The utility model also provides a refrigerator, the storing container who has aforementioned refrigerator.

The utility model discloses a storage container of refrigerator sets up the wet subassembly activity of electrolysis accuse in installing port department through seting up the installing port on the surface of box body to configure into: in a dehumidification state, the anode plate is in contact with the storage space, and the cathode plate is exposed to the outside air; in a humidifying state, the cathode plate is contacted with the storage space, the anode plate is exposed in the outside air, and the contact between the anode plate and the cathode plate and the storage space as well as the outside air is adjusted by controlling the movement of the electrolysis humidity control assembly, so that the humidity in the storage container can be effectively adjusted, the storage space is ensured to be always in a working environment with proper humidity, and the food storage is facilitated; and simultaneously, the utility model discloses a mechanical activity that the storing container of refrigerator utilized the wet subassembly of electrolysis accuse realizes dehumidification/humidification conversion for the life of the wet subassembly of electrolysis accuse increases, and cost reduction.

Further, the utility model discloses a wet subassembly of electrolysis accuse of storage container of refrigerator sets up in installing port department with overturning, makes anode plate, negative plate whole expose inside or outside the box body through the upset, has increased the area of contact of anode plate, negative plate and air, has improved the reaction rate of the wet subassembly of electrolysis accuse to the performance of the wet subassembly of whole electrolysis accuse has been promoted.

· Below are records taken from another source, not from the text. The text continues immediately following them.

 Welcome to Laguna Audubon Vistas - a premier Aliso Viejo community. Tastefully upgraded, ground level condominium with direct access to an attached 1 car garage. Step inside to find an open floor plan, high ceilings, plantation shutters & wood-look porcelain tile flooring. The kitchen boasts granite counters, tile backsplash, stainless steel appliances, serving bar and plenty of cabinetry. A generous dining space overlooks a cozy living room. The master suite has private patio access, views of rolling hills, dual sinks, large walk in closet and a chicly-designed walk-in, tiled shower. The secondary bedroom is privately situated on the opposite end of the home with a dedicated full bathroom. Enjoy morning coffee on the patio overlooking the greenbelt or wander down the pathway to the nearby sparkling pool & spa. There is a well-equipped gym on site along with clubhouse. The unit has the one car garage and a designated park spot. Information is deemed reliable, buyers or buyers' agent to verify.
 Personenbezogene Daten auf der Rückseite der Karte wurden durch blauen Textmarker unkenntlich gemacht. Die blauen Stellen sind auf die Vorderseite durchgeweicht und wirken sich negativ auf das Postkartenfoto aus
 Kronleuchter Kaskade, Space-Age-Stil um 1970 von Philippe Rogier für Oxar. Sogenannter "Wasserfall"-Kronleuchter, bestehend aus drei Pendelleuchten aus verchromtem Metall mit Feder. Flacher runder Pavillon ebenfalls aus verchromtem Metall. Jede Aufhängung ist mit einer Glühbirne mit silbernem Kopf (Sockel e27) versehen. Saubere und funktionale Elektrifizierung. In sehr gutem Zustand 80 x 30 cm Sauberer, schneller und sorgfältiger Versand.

The above and other objects, advantages and features of the present invention will become more apparent to those skilled in the art from the following detailed description of specific embodiments thereof, taken in conjunction with the accompanying drawings.

Drawings

Some specific embodiments of the present invention will be described in detail hereinafter, by way of illustration and not by way of limitation, with reference to the accompanying drawings. The same reference numbers in the drawings identify the same or similar elements or components. Those skilled in the art will appreciate that the drawings are not necessarily drawn to scale. In the drawings:

fig. 1 is a schematic structural diagram of a refrigerator according to an embodiment of the present invention.

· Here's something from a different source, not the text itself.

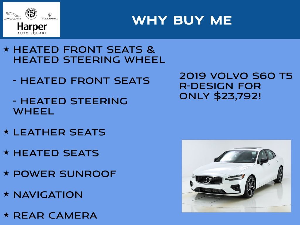 This exceptional 2019 Volvo S60 T5 R-Design is a true testament to the brand's commitment to craftsmanship and innovation. Experience the epitome of Scandinavian design and engineering by scheduling a test drive today. We're confident this captivating sedan will exceed your expectations and inspire your next chapter of driving enjoyment.

Fig. 2 is a perspective view illustrating a storage container of the refrigerator shown in fig. 1.

Fig. 3 is a sectional structure view of the storage container shown in fig. 2.

Fig. 4 is a sectional structure view of the box body of the storage container shown in fig. 2.

FIG. 5 is a partial cross-sectional structural schematic view of the mating of the electrolytic moisture control assembly and the connecting tube of the storage container shown in FIG. 2.

Fig. 6 is a flowchart illustrating a control method of a refrigerator according to an embodiment of the present invention.

Detailed Description

In the following description, the orientation or positional relationship indicated by "front", "rear", "upper", "lower", "left", "right", etc. is an orientation based on the refrigerator 100 itself as a reference, and "front", "rear", "left", "right" is a direction as indicated in fig. 2.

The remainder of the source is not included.